*EXERCISE DIRECTIONS*. Your task is to transcribe the lines from the start of the data below through the line containing "Professional lighting, LED", inclusive, exactly as they stand and without the pictures.
+-------+
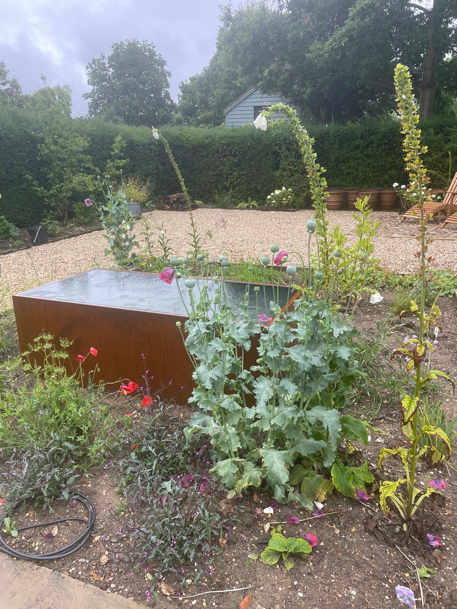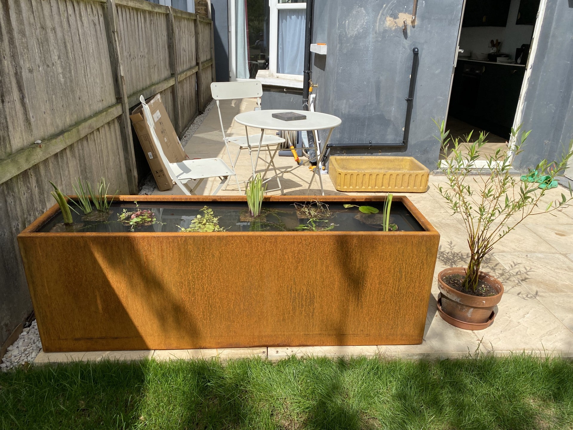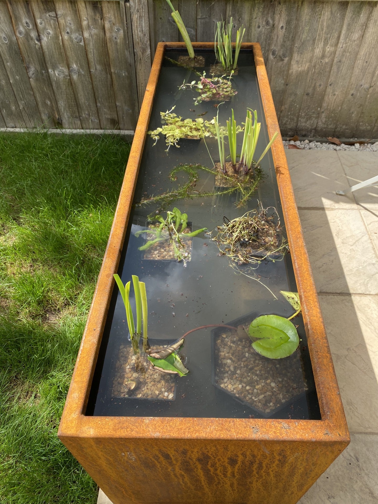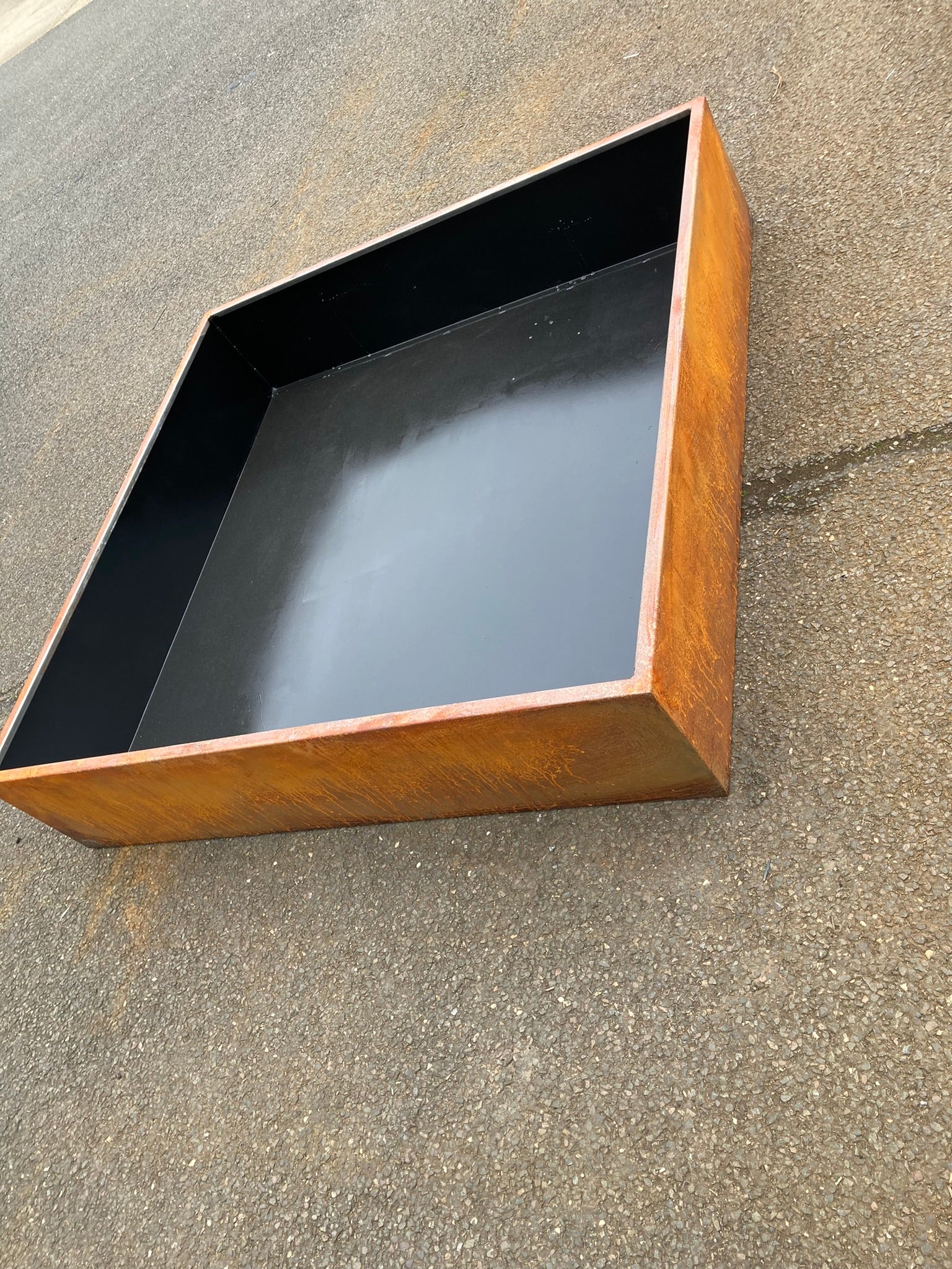 All Corten ponds are painted/sealed with a black pond safe paint.
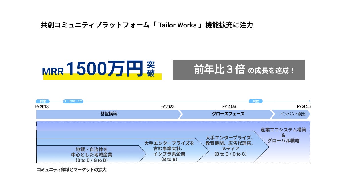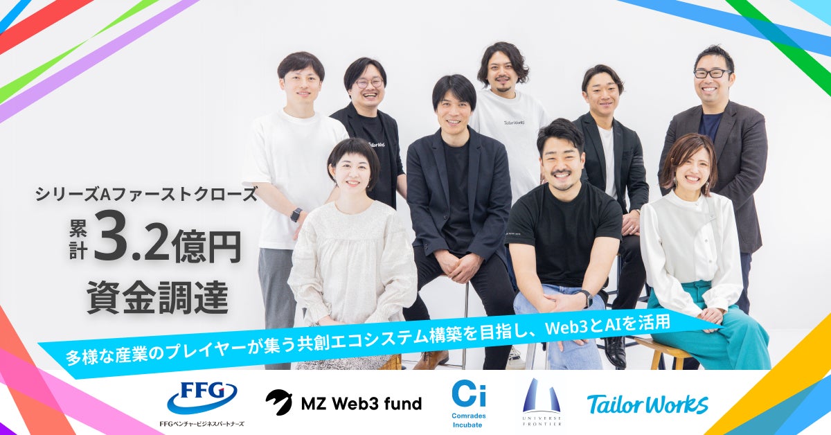 多様な人々と共感やビジョンでつながる共創コミュニティプラットフォーム「 Tailor Works 」を提供する株式会社テイラーワークス(所在地:東京都渋谷区:代表取締役会長 山本 浩之/代表取締役社長 難波 弘匡、以下、テイラーワークス)は、株式会社FFGベンチャービジネスパートナーズ、MZ Web3ファンド、株式会社ユニバースフロンティア及び既存株主である株式会社コムレイズ・インキュベートを引受先とする第三者割当増資により、シリーズAファーストクローズを行いました。今回の調達で累計調達額は3.2億円となり、2023年夏のセカンドクローズに向けて資金調達を継続してまいります。
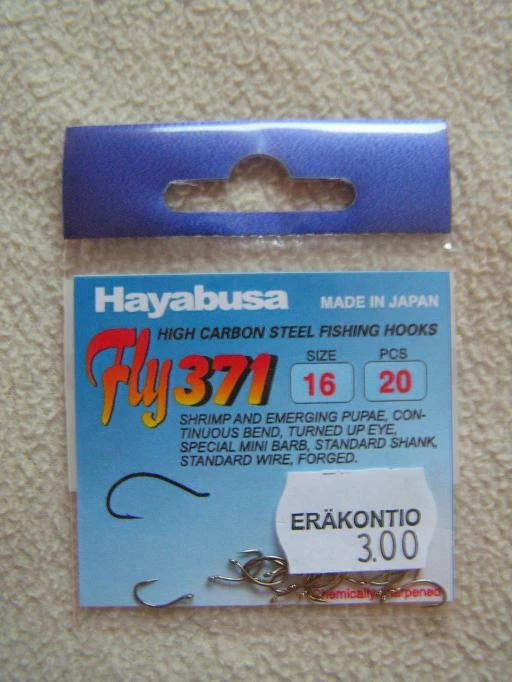 Hayabusan kemiallisesti teroitetut Fly371 perhokoukut, 20kpl pussissa. Shrimp/Pupa-koukku. Ylä-silmäinen koukku. Koot:16.
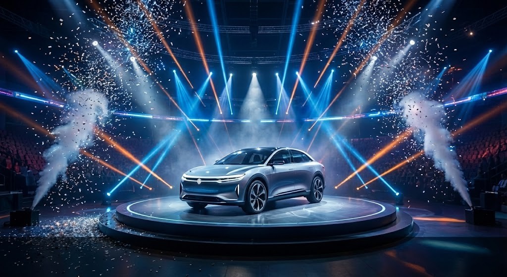 Professional lighting, LED screens, sound systems, and special effects for a dynamic reveal.
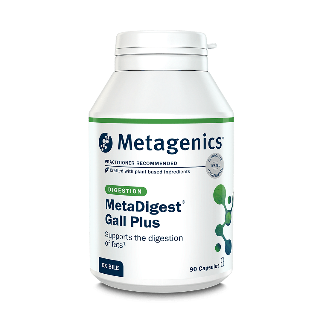 MetaDigest® Gall Plus is ideal for anyone who needs support with fat digestion, including those with gallstones, those without a gallbladder, or individuals who struggle to digest fats efficiently. It contains key ingredients like ox bile, lipase, and lecithin, which help emulsify and break down dietary fats, supporting smoother digestion and nutrient absorption.
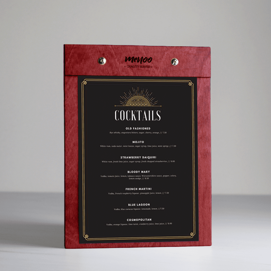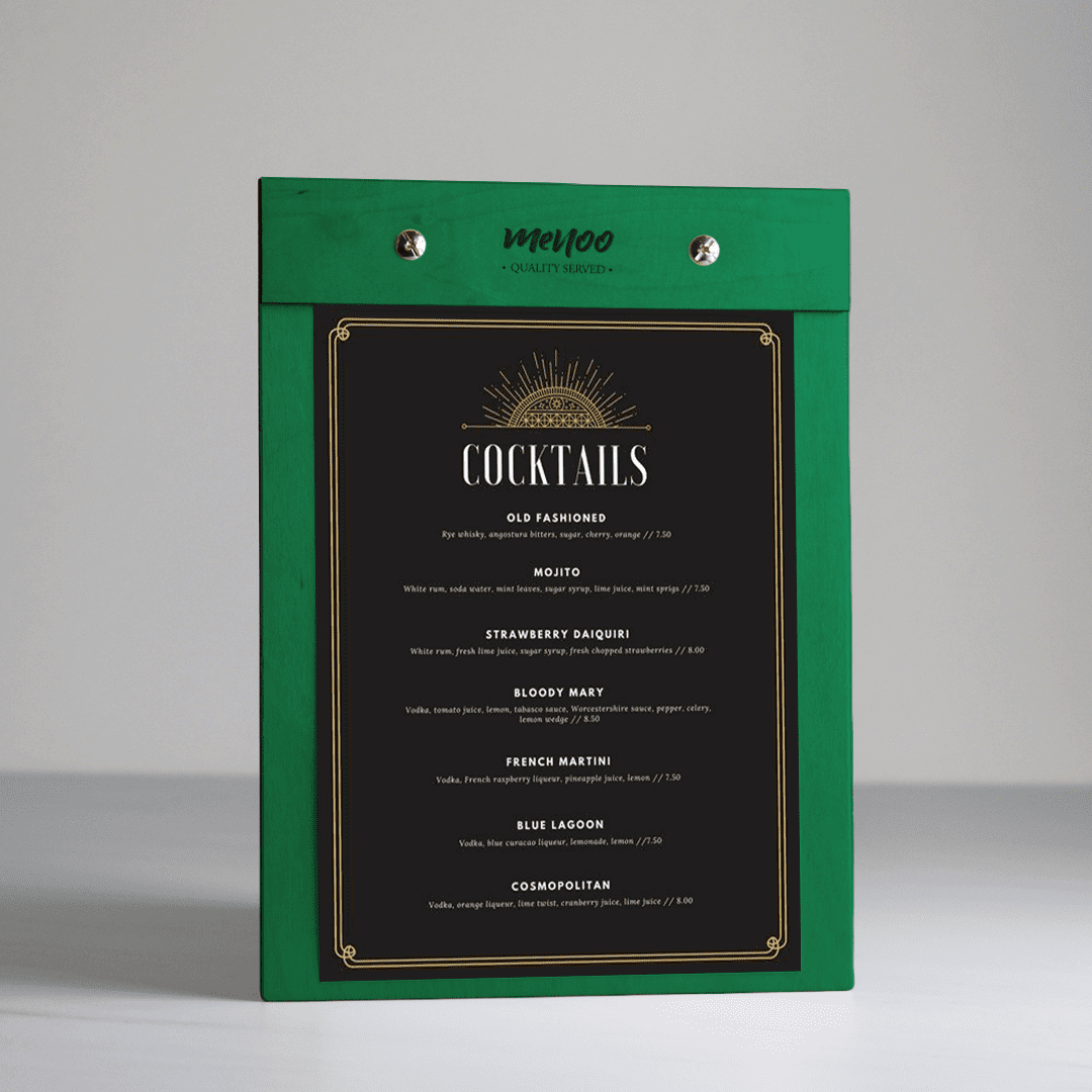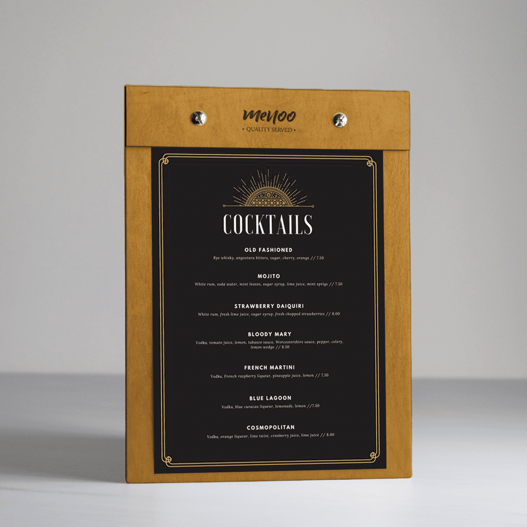 The Menoo Clipboard Menu Holder (A5) is just what you need to get started. Our menu holder is designed in Greece, Europe, with easy page replacement and durability in mind. You’ll never run into issues with updating your restaurant, coffee shop, or bar menu thanks to the clipboard functionality of our holder. If you’re looking for a creative, attractive, modern solution to your establishment’s menu design, look no further than Menoo.
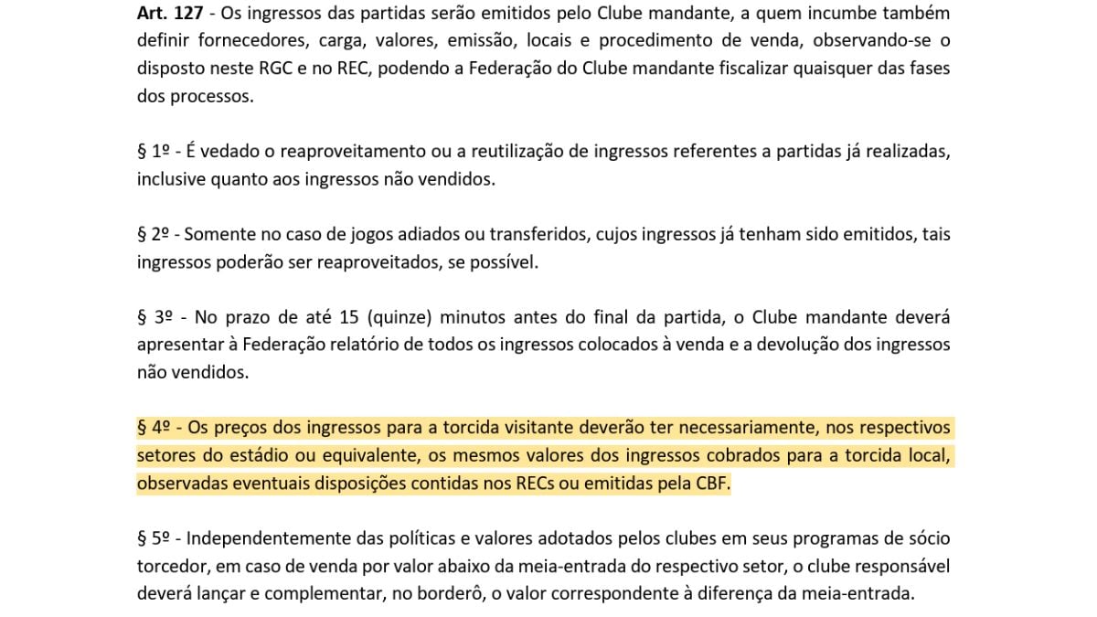 De acordo com o Regulamento Geral das Competições da CBF, os valores dos ingressos destinados à torcida visitante devem ser equivalentes aos praticados para os torcedores do clube mandante em setores equivalentes do estádio. O artigo 127, parágrafo 4º, reforça que é obrigatório manter a paridade de preços entre os setores destinados às duas torcidas.
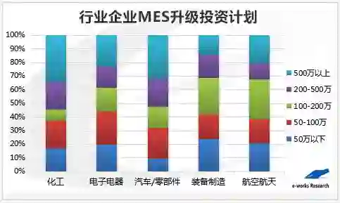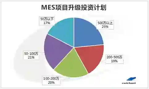 调查显示,在547家已实施MES企业中,有531家企业提出了MES下一步投资计划,占比高达 97%,MES升级需求大。在企业下一步投资计划中,42%的企业表示,未来MES的升级投资额将会超过200万。其中,23%的企业对MES的升级投资将超过500万。
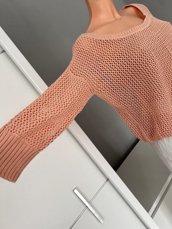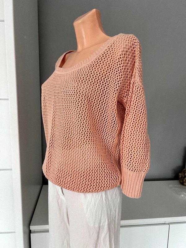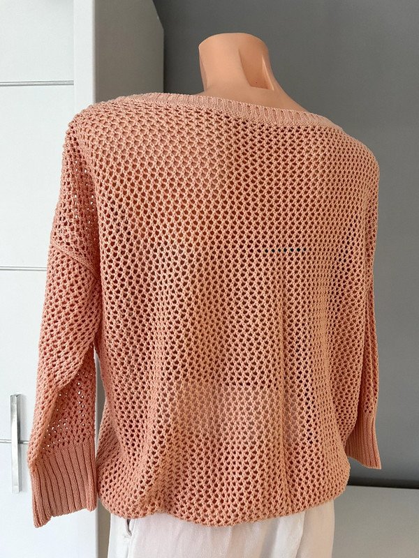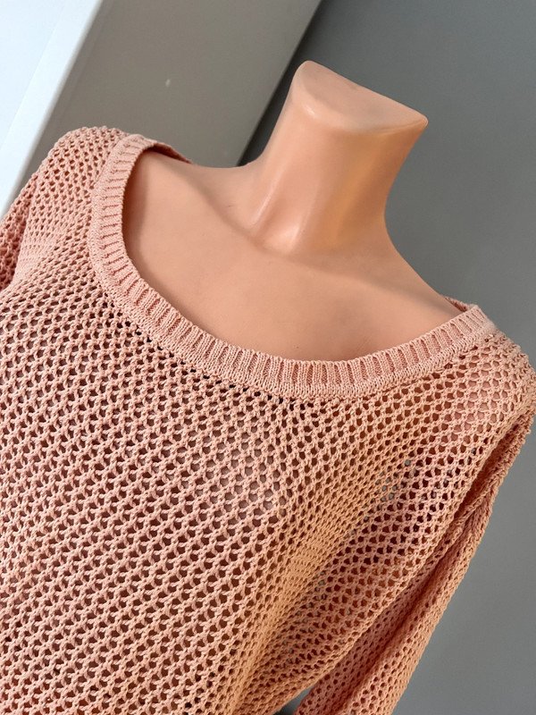 Sweter siateczkowy, kolor łososiowy. Rozmiar określam jako S/M ale proszę sugerować się wymiarami na zdjęciach. Bawełna 50 %, a więc przewiewny. Polecam
+-------+
*EXERCISE RESULT*.
 All Corten ponds are painted/sealed with a black pond safe paint.
 多様な人々と共感やビジョンでつながる共創コミュニティプラットフォーム「 Tailor Works 」を提供する株式会社テイラーワークス(所在地:東京都渋谷区:代表取締役会長 山本 浩之/代表取締役社長 難波 弘匡、以下、テイラーワークス)は、株式会社FFGベンチャービジネスパートナーズ、MZ Web3ファンド、株式会社ユニバースフロンティア及び既存株主である株式会社コムレイズ・インキュベートを引受先とする第三者割当増資により、シリーズAファーストクローズを行いました。今回の調達で累計調達額は3.2億円となり、2023年夏のセカンドクローズに向けて資金調達を継続してまいります。
 Hayabusan kemiallisesti teroitetut Fly371 perhokoukut, 20kpl pussissa. Shrimp/Pupa-koukku. Ylä-silmäinen koukku. Koot:16.
 Professional lighting, LED screens, sound systems, and special effects for a dynamic reveal.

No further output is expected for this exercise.